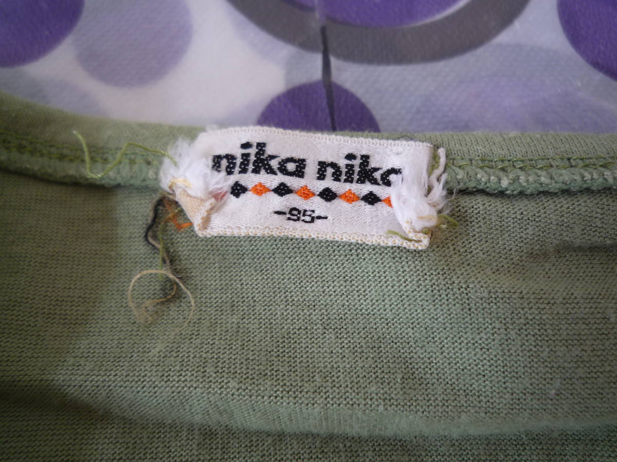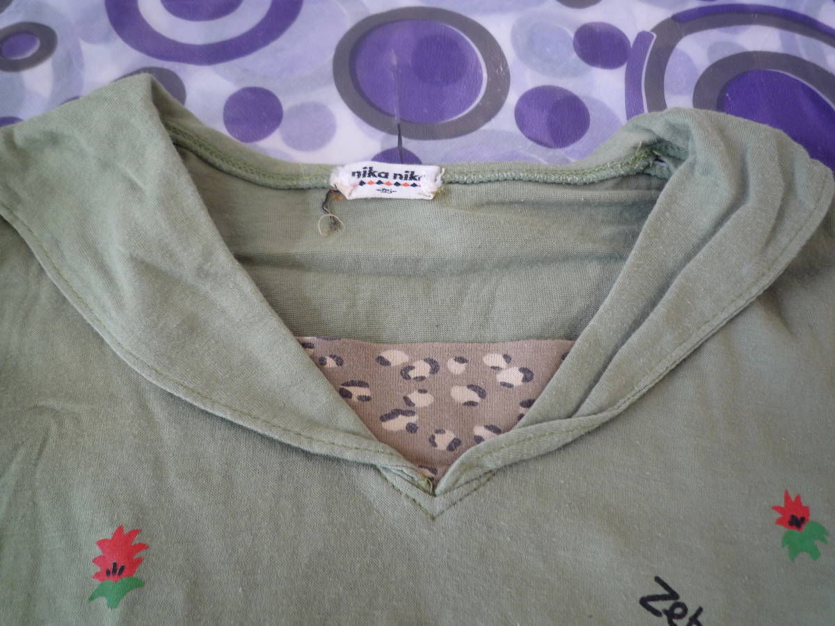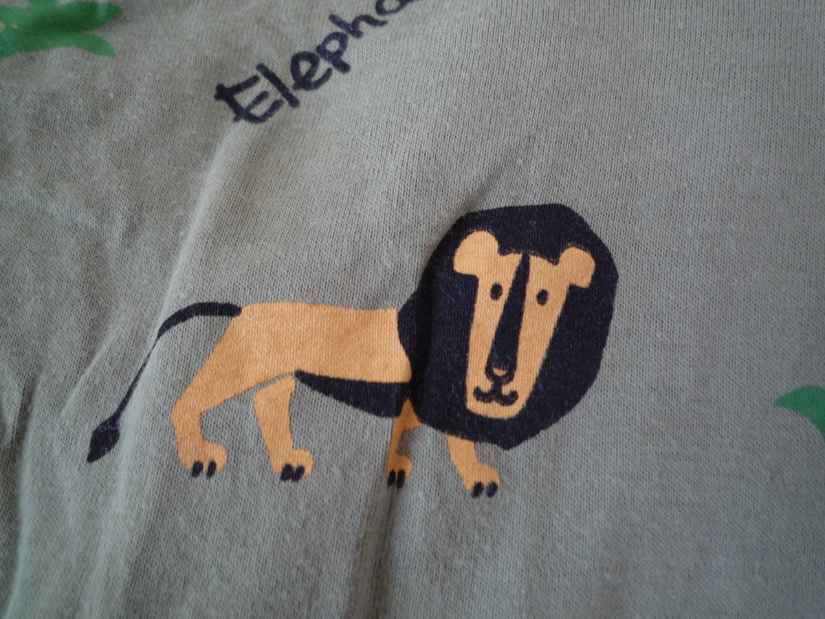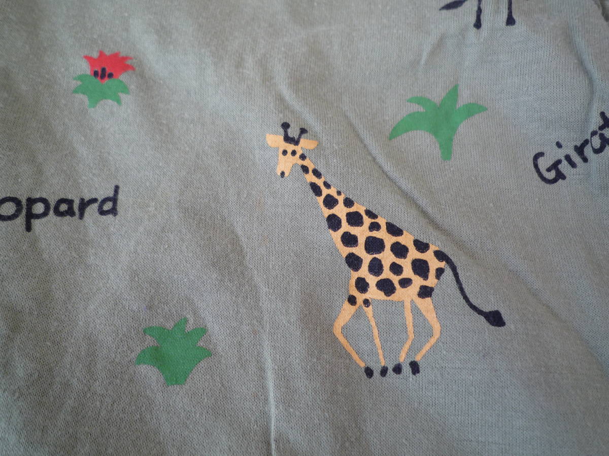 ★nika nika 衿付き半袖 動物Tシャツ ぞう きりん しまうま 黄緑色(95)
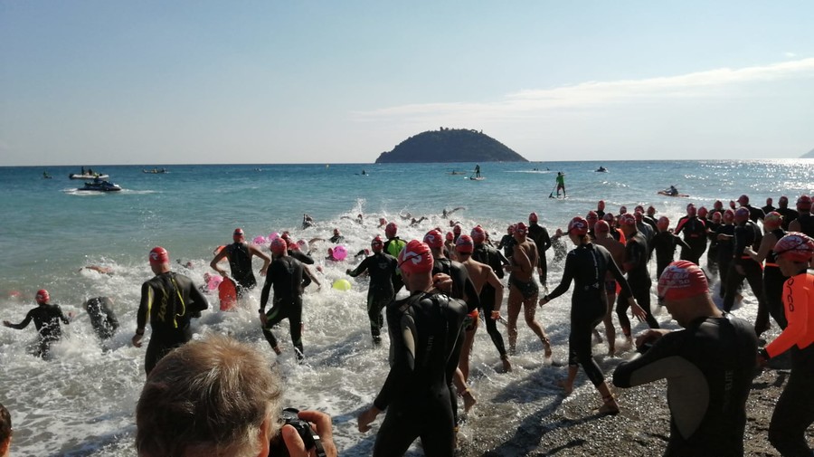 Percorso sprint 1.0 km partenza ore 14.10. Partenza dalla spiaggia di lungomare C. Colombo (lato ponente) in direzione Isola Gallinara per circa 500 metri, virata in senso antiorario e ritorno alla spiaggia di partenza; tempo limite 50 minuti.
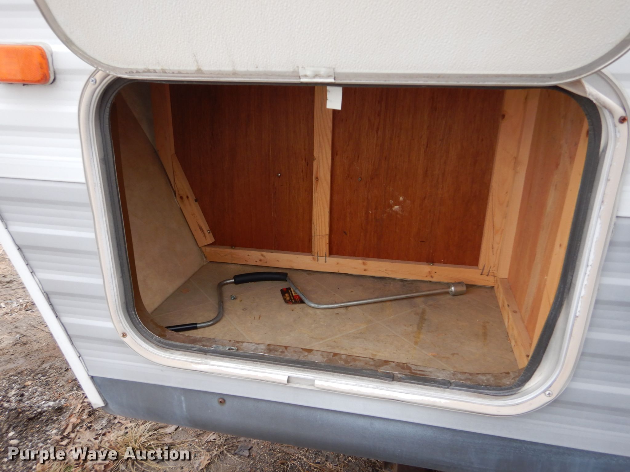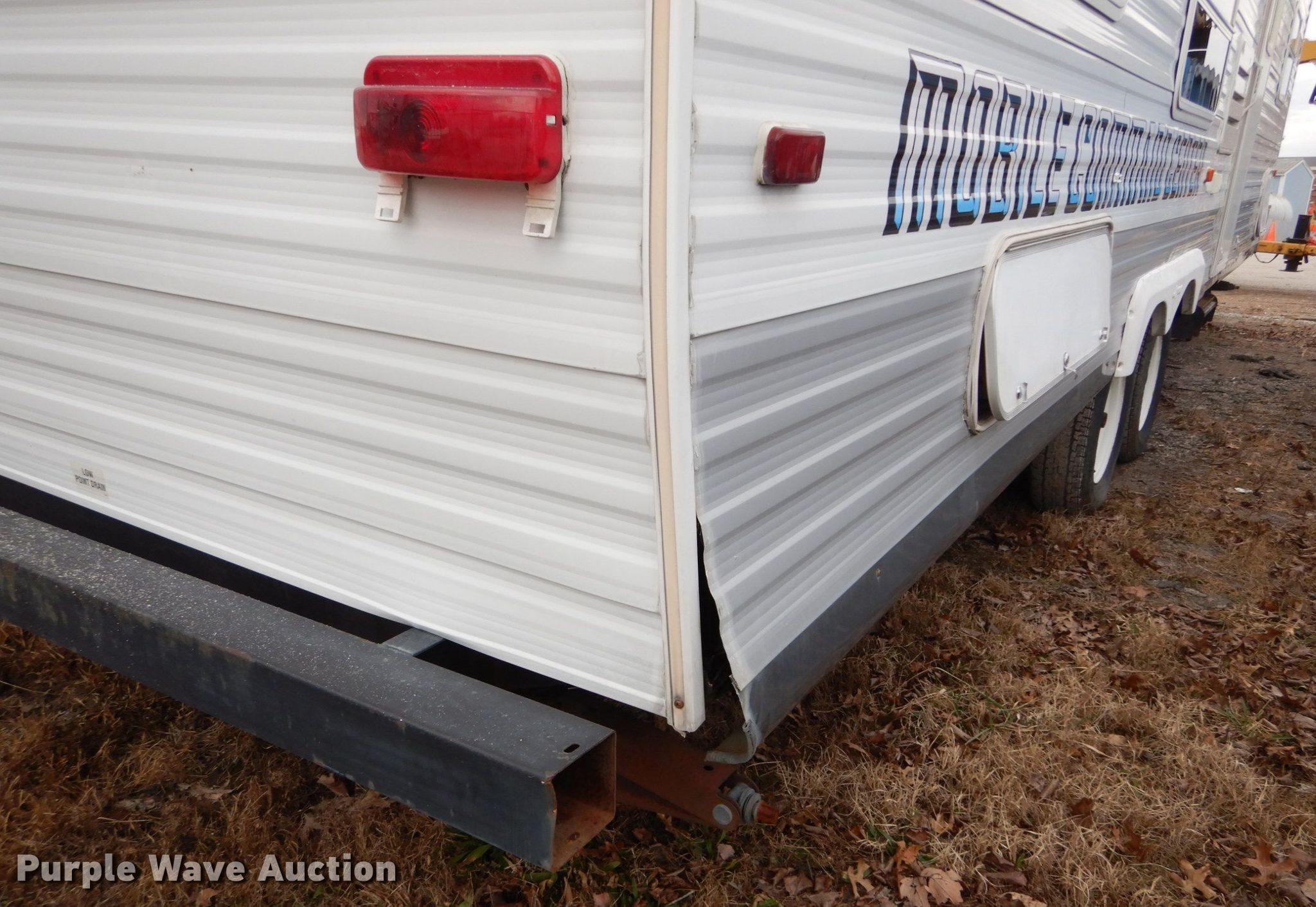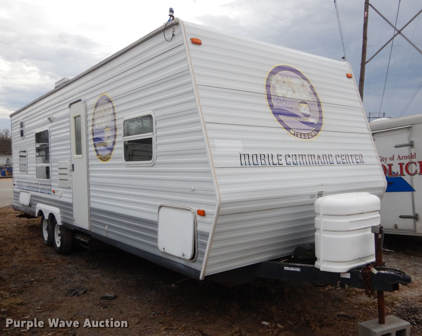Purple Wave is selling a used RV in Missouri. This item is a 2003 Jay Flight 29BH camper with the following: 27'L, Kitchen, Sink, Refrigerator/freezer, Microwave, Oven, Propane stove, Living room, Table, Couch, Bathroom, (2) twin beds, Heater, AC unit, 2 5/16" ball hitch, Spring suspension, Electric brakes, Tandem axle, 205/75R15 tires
# # # # # # #
Write out the material above once more, word for word. Images stay out.

 ★nika nika 衿付き半袖 動物Tシャツ ぞう きりん しまうま 黄緑色(95)
 Percorso sprint 1.0 km partenza ore 14.10. Partenza dalla spiaggia di lungomare C. Colombo (lato ponente) in direzione Isola Gallinara per circa 500 metri, virata in senso antiorario e ritorno alla spiaggia di partenza; tempo limite 50 minuti.
Purple Wave is selling a used RV in Missouri. This item is a 2003 Jay Flight 29BH camper with the following: 27'L, Kitchen, Sink, Refrigerator/freezer, Microwave, Oven, Propane stove, Living room, Table, Couch, Bathroom, (2) twin beds, Heater, AC unit, 2 5/16" ball hitch, Spring suspension, Electric brakes, Tandem axle, 205/75R15 tires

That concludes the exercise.